Engolfóse más y más en sus cavilaciones, y cuando sacó a luz sus teorías, escandalizó a muchos espíritus, levantando una polémica que puso en movimiento a los hombres más sabios de aquel siglo. Tal vez no acertó a explicar bien su pensamiento; pero muchos de sus contemporáneos creyeron descubrir en sus obras la doctrina de la noble predestinación: predestinación de los condenados, a la muerte, y de los elegidos, a la vida. Así lo entendió Hincmaro, el terrible arzobispo de Reims, que no paró hasta condenar al monje alemán y encerrarlo en una prisión. El obispo de Troyes tuvo piedad de él; pidió clemencia y conmiseración a sus contrarios, y después de examinar muchos escritos de los Santos Padres, presentó a) Concilio de París, de 849, una defensa del perseguido. Había tal vez falta de precisión en el lenguaje de Godescalco, pero toda la literatura patrística estaba en favor de las dos predestinaciones. Hay predestinación a la pena, como hay predestinación a la gloria; pero hay predestinación a la pena en vista del pecado, sin que por eso haya predestinación al pecado. Tal era la doctrina de Prudencio, y con ella ponía en salvo la libertad humana, de la cual procede el mal. No obstante, Hincmaro le acusó de herejia; Rábano le censuró acremente, confundiendo la predestinación con la presciencia. Pero de su lado se pusieron un monje de Corbie, Ratramno, sutil razonador; Lupo, abad de Ferriéres, el mejor estilista de aquel siglo, y un diácono de Lyón llamado Floro, que procedía también de una región española. Unos concilios anatematizaban a Godescalco y otros le absolvían, y él, entre tanto, moría agotado por veinte arios de prisión, sin haber tenido el consuelo de recibir el Cuerpo de Cristo, porque prefirió permanecer fiel a su doctrina.

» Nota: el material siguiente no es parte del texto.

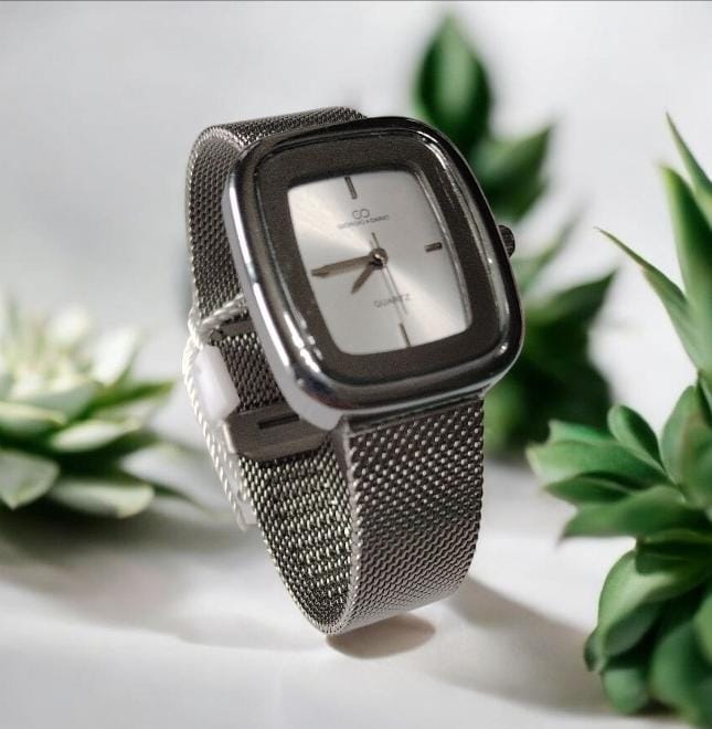 Sofisticação no pulso: mostrador retangular e bracelete leve, perfeito para o dia a dia.
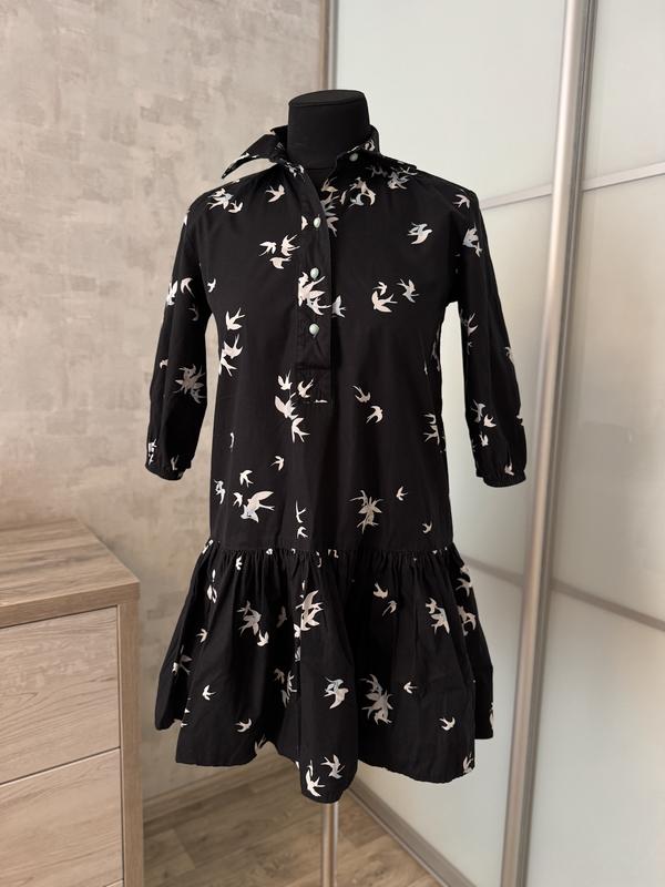 Сукня міні з котону Принт ластівки, застібка гудзики до талії

De pronto, aparece en el campo un nuevo luchador. Era Escoto Erígena, o el irlandés. Carlos el Calvo le había invitado a intervenir en la contienda, pero él se aprovechó de aquella confusión para lanzar al público las ideas más peregrinas. Escoto había aprendido el griego para penetrar en los palacios de la sabiduría oriental. Sin saber cómo, había logrado encontrar libros que nadie leía entonces en el mundo occidental y muy pocos en Oriente. Él fue el primero que introdujo en la cristiandad latina los libros del misterioso falsario, cristiano neoplatónico, que escribió durante el siglo v en el norte de Siria con el nombre de Dionisio Areopagita. Estaba impregnado de filosofía alejandrina, se había amamantado en Plotino y en Orígenes y le deslumbraban las doctrinas que Proclo había expuesto en Atenas después de la liquidación del paganismo: evolución délo abstracto a lo concreto, de lo uno a lo múltiple, de lo perfecto a lo imperfecto; restablecimiento final por el retorno de todas las cosas a su unidad primordial; reabsorción panteísta, complicada con filigranas racionalistas que hacían pensar en las triadas y hebdómadas de los gnósticos. Algo de todo esto tenía el libro singular con que el filósofo irlandés intervenía en la polémica acerca de la predestinación. De praedestinatione divina se intitulaba, y era un tejido no bien hilvanado de ideas panteístas y racionalistas, neoplatónicas y origenistas.